- [Source data]:
○ ○ ○ ○ ○
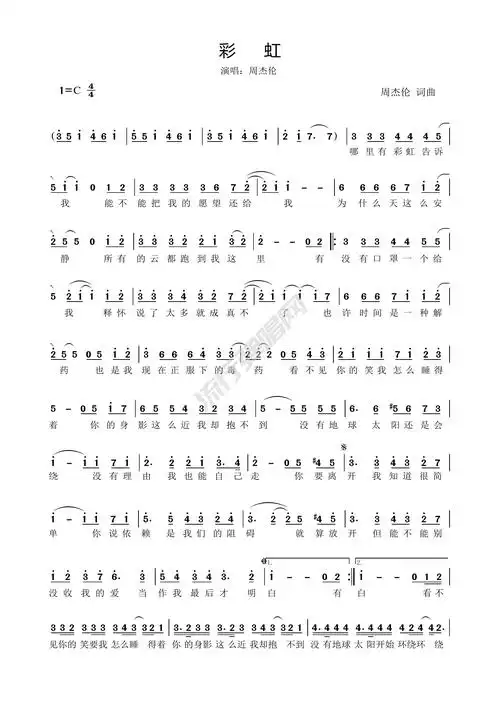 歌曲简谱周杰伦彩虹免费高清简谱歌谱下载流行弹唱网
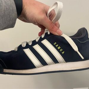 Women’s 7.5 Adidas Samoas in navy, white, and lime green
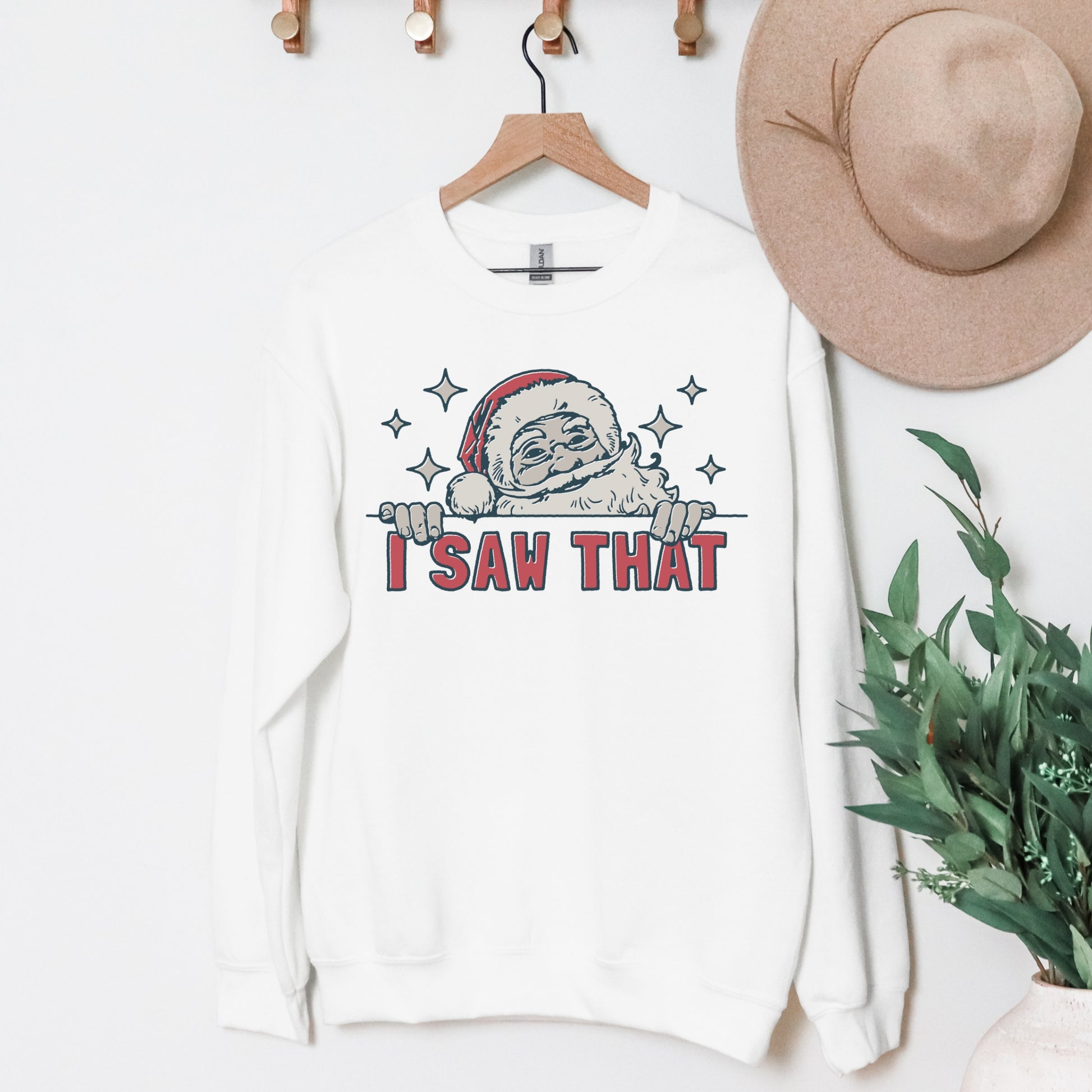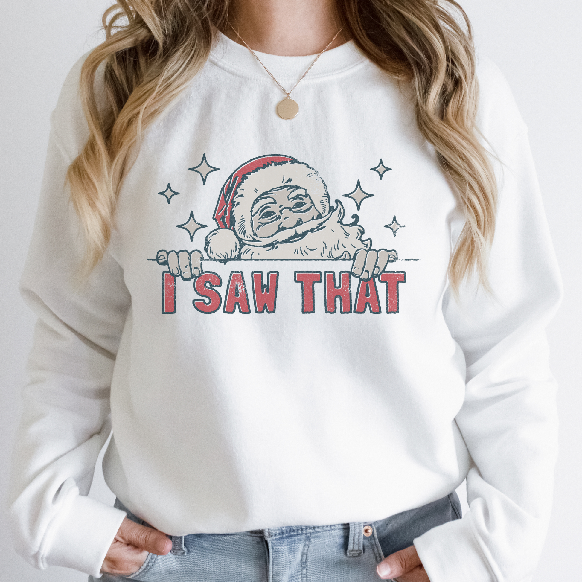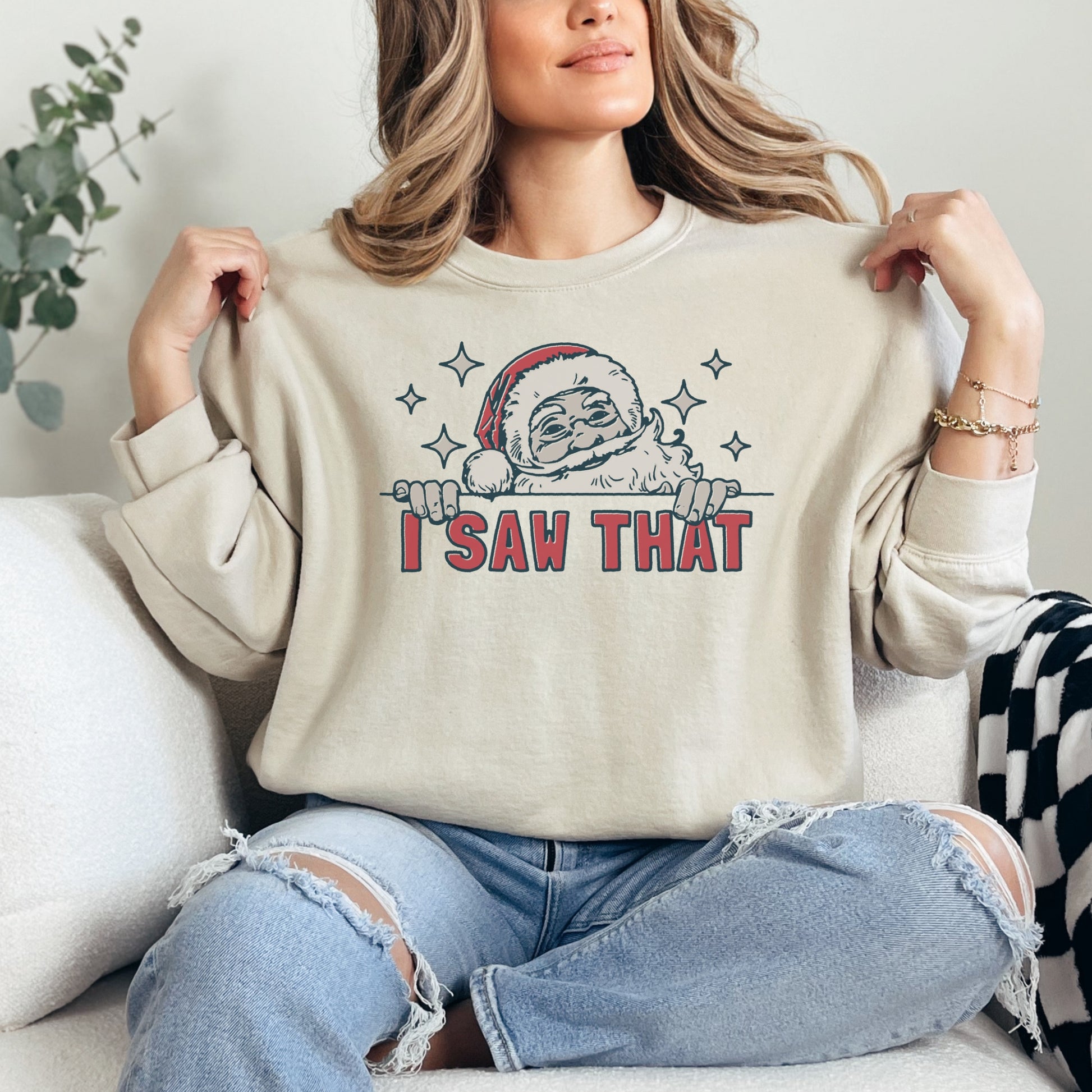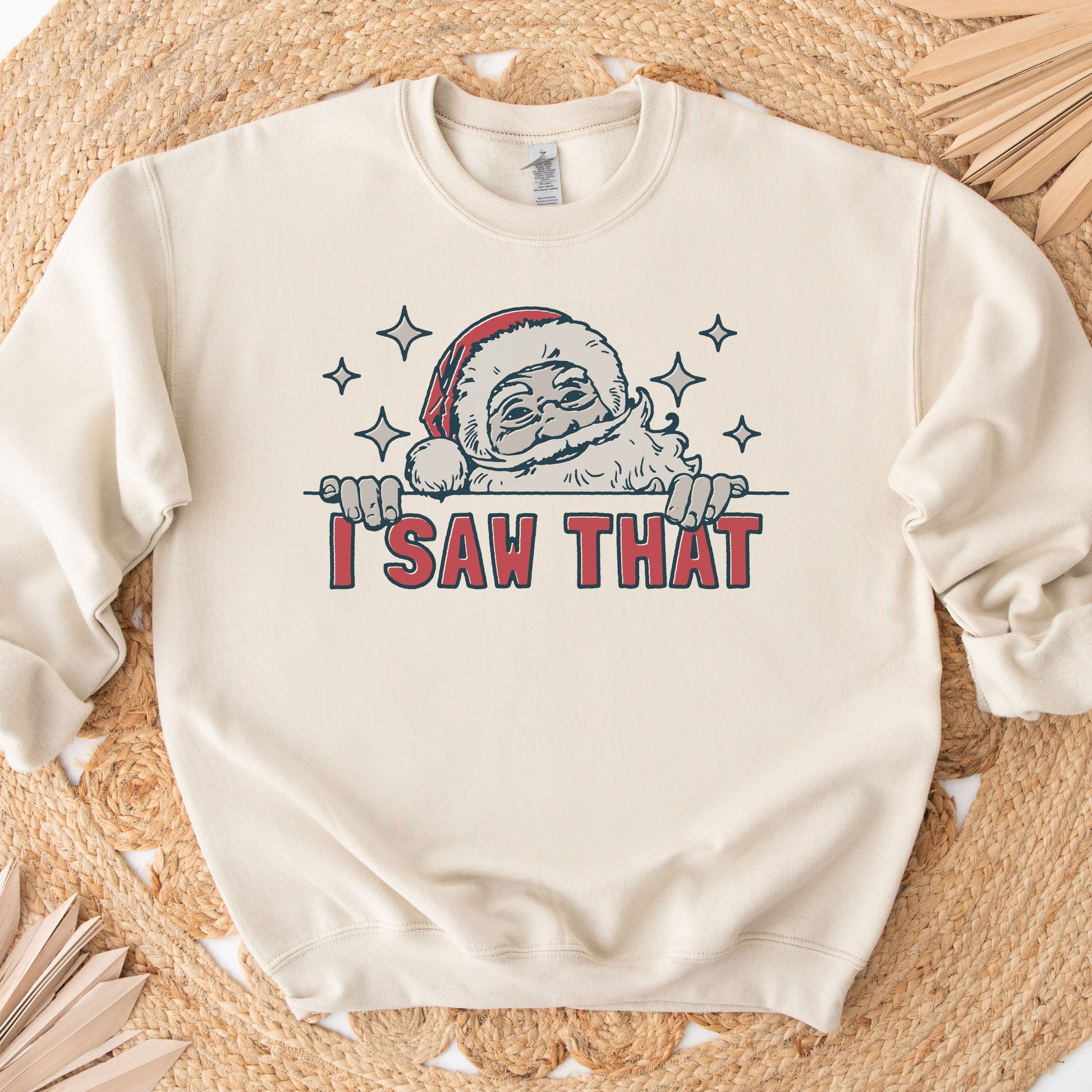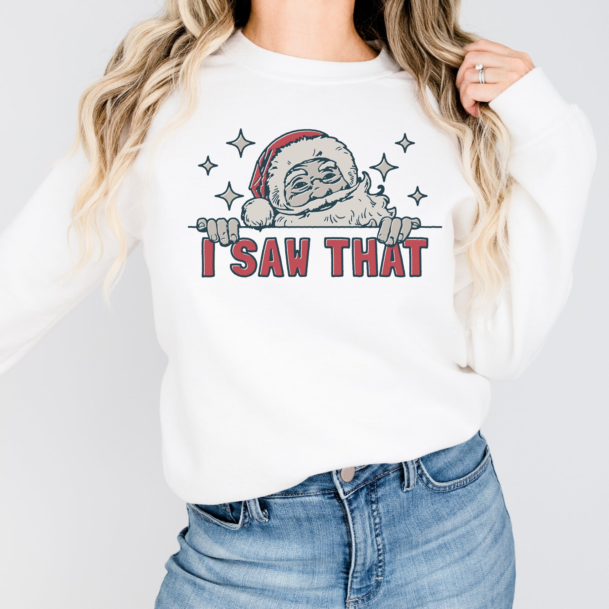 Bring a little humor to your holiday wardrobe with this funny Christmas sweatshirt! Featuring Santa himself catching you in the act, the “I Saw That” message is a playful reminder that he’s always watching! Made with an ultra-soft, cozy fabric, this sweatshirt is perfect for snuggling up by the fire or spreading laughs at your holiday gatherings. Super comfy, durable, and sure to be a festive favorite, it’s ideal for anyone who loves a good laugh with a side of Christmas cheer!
○ ○ ○ ○ ○
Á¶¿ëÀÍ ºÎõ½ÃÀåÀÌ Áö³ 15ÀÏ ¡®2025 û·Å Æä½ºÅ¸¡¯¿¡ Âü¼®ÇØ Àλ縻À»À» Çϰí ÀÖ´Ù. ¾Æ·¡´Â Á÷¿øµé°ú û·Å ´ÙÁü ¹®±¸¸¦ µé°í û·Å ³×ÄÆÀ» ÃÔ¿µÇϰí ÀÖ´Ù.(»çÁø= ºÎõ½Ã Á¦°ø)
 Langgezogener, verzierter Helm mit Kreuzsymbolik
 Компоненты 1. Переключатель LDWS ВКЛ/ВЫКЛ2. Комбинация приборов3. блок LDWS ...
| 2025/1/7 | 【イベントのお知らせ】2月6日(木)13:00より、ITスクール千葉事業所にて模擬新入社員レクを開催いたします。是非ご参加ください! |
○ ○ ○ ○ ○
- [What needs to be done]: All pictures are to be skipped. Output, word for word, the lines in the data above starting at the line containing "歌曲简谱周杰伦彩虹免费高清简谱歌谱下载流行弹唱网" and ending at the line containing "Bring a little".

- [Answer area]:
 歌曲简谱周杰伦彩虹免费高清简谱歌谱下载流行弹唱网
 Women’s 7.5 Adidas Samoas in navy, white, and lime green
 Bring a little humor to your holiday wardrobe with this funny Christmas sweatshirt! Featuring Santa himself catching you in the act, the “I Saw That” message is a playful reminder that he’s always watching! Made with an ultra-soft, cozy fabric, this sweatshirt is perfect for snuggling up by the fire or spreading laughs at your holiday gatherings. Super comfy, durable, and sure to be a festive favorite, it’s ideal for anyone who loves a good laugh with a side of Christmas cheer!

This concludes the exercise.